Once again this year, all of the top coffees Phil cupped while in Kenya were from the Othaya farmers co-operative society. The weather patterns this year we favourable, and there was less rain from the point that the coffee was placed in the conditioning bins until it was milled for export.
Othaya is an impressive operation. They have 19 factories (although not all of them operated in the 2017 season, given the smaller crop) and their own dry mill and cupping lab. The latter two operations are led by Mr. David K. Wairagu. David’s role is very important, and unique amongst co-ops, especially in the cupping lab. This cupping allows them to really understand the quality of the coffee that their factories are producing in order to better it and also ensure that the right prices are being fetched based on the quality produced. For much of the rest of the coffee sector in Kenya, the cup quality of a co-op’s coffee is assessed by a 3rd party – usually the dry mill that the co-op is using. This places the co-op in a bit of a vulnerable spot, fully in the hands of the mill to obtain feedback on their coffees.
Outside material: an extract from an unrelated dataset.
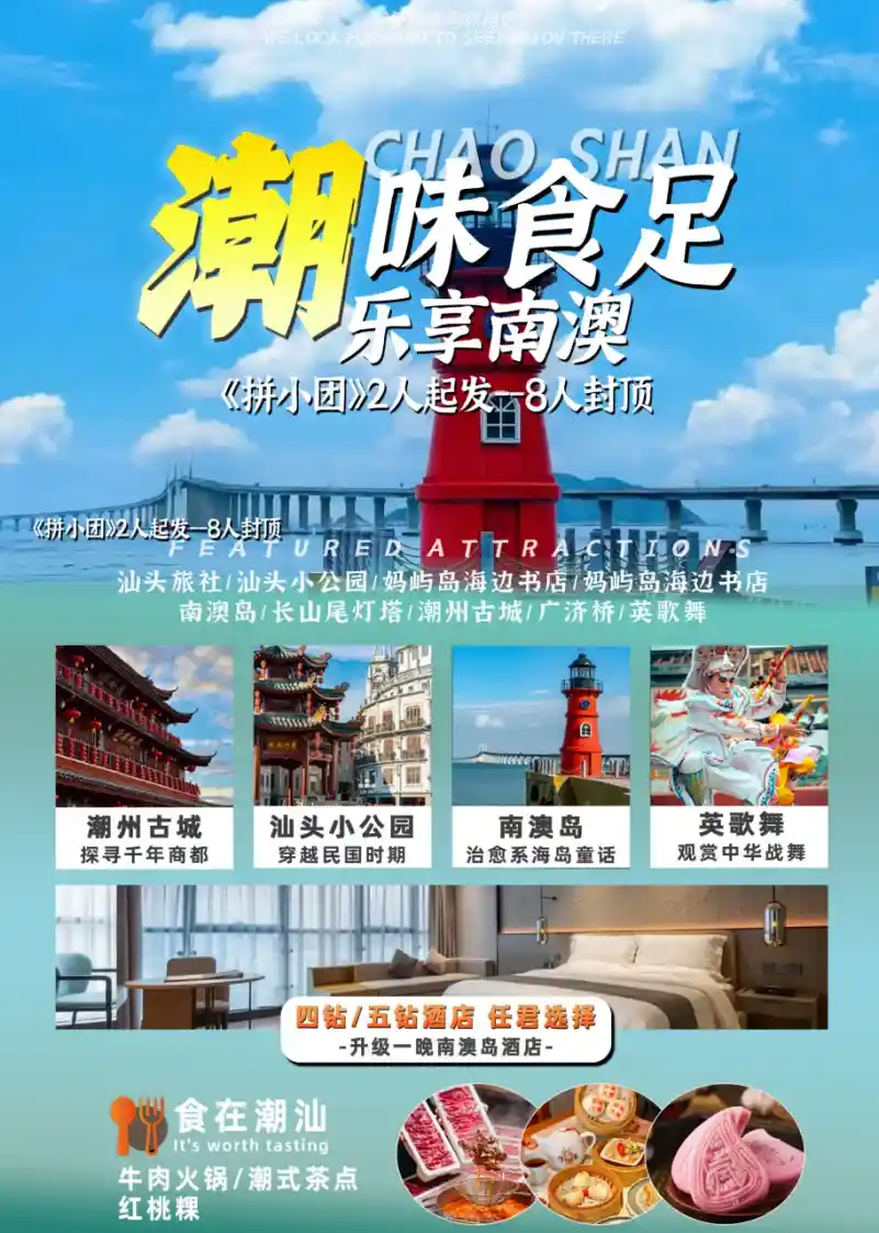 潮味童趣·乐享南澳●8人小团❤汕头旅社+小公园+妈屿岛海边书店+南澳岛+长山尾灯塔+潮州古城+广济桥+英歌舞5日游

It’s sad to say, but sometimes this position of power is abused to sell coffee for a lower than appropriate price. Additionally, dry mills have been known to wittingly mis-sort AA and AB screen sizes to reduce the amount of AA (which sells for a higher price) and consequently produce a lower price for the coffees. Lastly, sometimes milling losses are abnormally high and this abuse is again prevented by a co-op that also owns a dry mill.
Mahiga is a wet mill (called a Factory in Kenya), founded in 1962—four years after the co-op began. It might also be the most beautiful mill Phil has visited in Kenya. The drying tables are situated in a valley surrounded by native forest. The mill is managed by James Migwi, and his diligence is clearly evident. He takes care to ensure that only red cherry is submitted to the mill and that wet parchment is properly sorted to remove the beans with a green hue. James visits farmers in the nearby area to provide advice and feedback on the conditions of their soil and management of their farms. We are grateful to James, David, and the whole Othaya team for producing yet another stellar coffee!
This coffee was frozen immediately upon arrival in Calgary, to preserve freshness.